I was just at the biennial institute that is part of the Sami Rohr’s prize’s legacy. It’s a gathering of all the winners, finalists, and judges of the prize for a three-day discussion about writing, Jewishness, and where the two converge. It took place this year in Chautauqua, New York. Everyone touched by the prize expressed just how much it does to change the life of a young writer — bringing recognition, opening up opportunities to work on the next book, and offering the affirmation that you are on the correct path, that you should continue the writing life despite the self-doubt and incessant hurdles. All that Sami Rohr gave to me.
The ceremony for the prize was held this year in Jerusalem at the King David hotel in April.
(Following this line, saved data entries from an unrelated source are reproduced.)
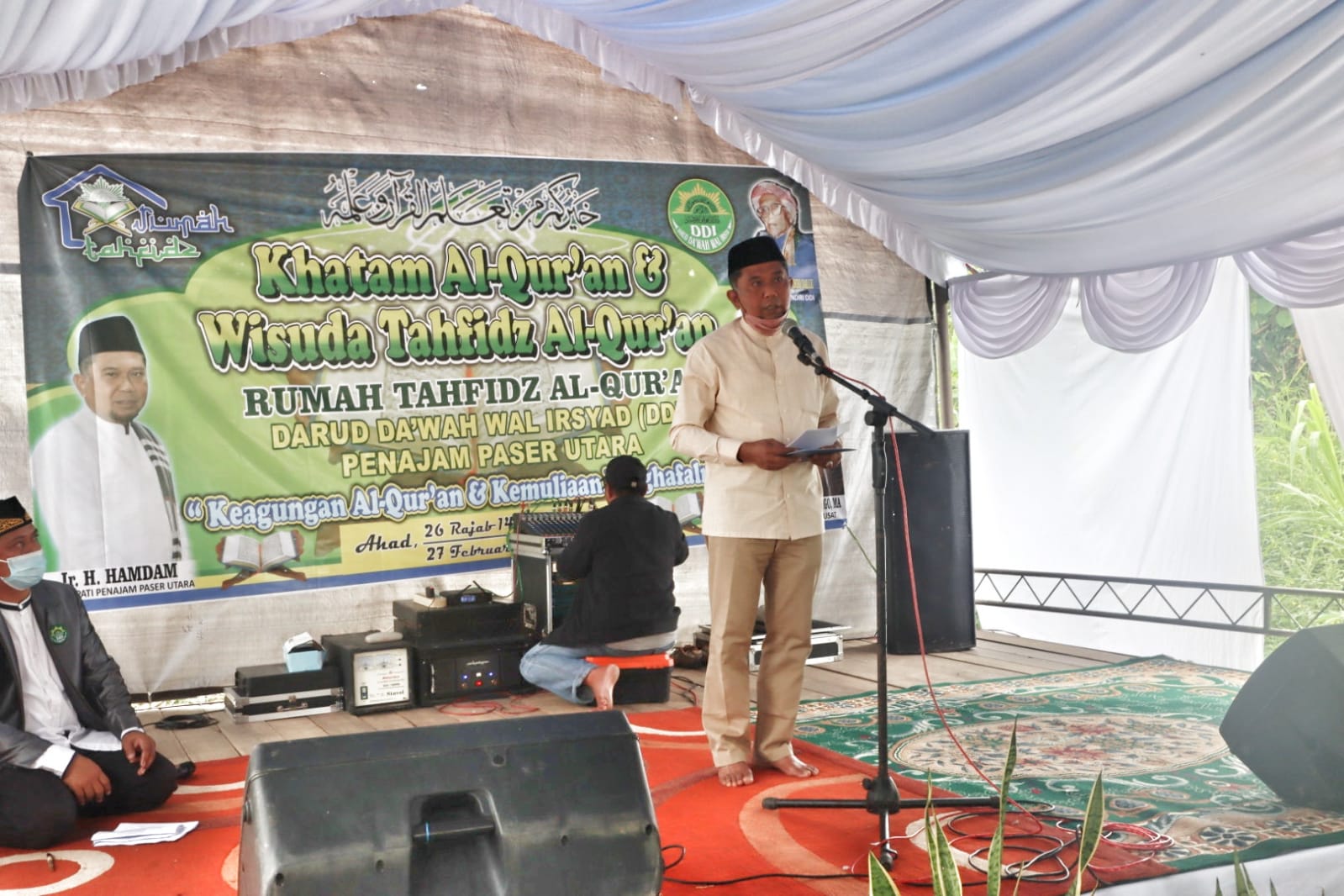 Saat sambutan Plt. Bupati PPU, Hamdam menyampaikan penghargaan yang setinggi-tingginya dan terima kasih yang sedalam-dalamnya kepada jajaran pengurus Rumah Tahfidz Al-quran DDI Kabupaten PPU, serta semua pihak yang telah memberikan kontribusi dan memiliki peran yang sangat fundamental terhadap masa depan dan kemajuan pendidikan anak-anak. Khususnya lagi di bidang pembinaan keagamaan untuk lebih mengenal dan mencintai Al-quran.
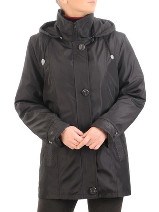 Płaszcz damski zimowy, czarny płaszcz zapinany na guziki, boczne kieszenie, kaptur 36416
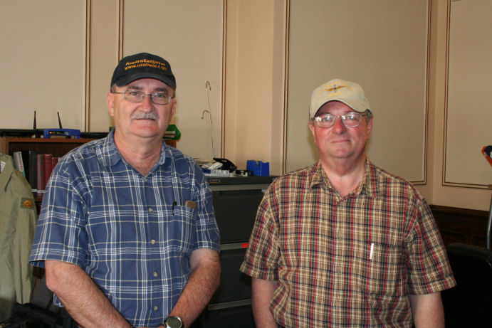 Jack Carr Mackay, volunteer Guide and ex Coast Watcher, with Gus Breymann at the MacArthur Museum Brisbane
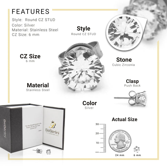 Women Stud Earrings Cubic Zirconia Silver Stainless Steel Jewelry round 6 Mm

It takes place in New York or Israel in alternating years and it was a lucky coincidence for me that I received it in a country where most of my family lives. My quite elderly maternal grandparents, aunts and uncles, and many, many cousins would all be able be there and finally get to see that I had actually amounted to something. I come from relatively working class people and a book writer had always been a mysterious thing to my family, someone who might be doing nothing or something quite significant. It wasn’t exactly clear to them.
The Rohr family put on a wonderful ceremony, one that probably fulfilled my lifetime quota of naches for my family. But there was something more significant for me that evening than being personally celebrated. It was how Sami Rohr treated my grandparents. I was worried that they wouldn’t fit in, that they would be uncomfortable in this setting. But when I walked in to the ballroom where the reception took place, I saw that my grandfather was sitting right next to Sami, where he stayed all evening. Sami was born in Berlin and had fled, first to Switzerland, France, and then eventually to South America. They had much to talk about in Yiddish and Sami listened as my grandparents told their own stories of survival. Sami also told them how proud he was that I had received his prize – something they repeated to me again and again up until this morning when I called to tell them that he had passed away.
It made me that much more impressed by the man. He had not only the gift of tremendous and selfless generosity. He also had something equally if not more important: humility.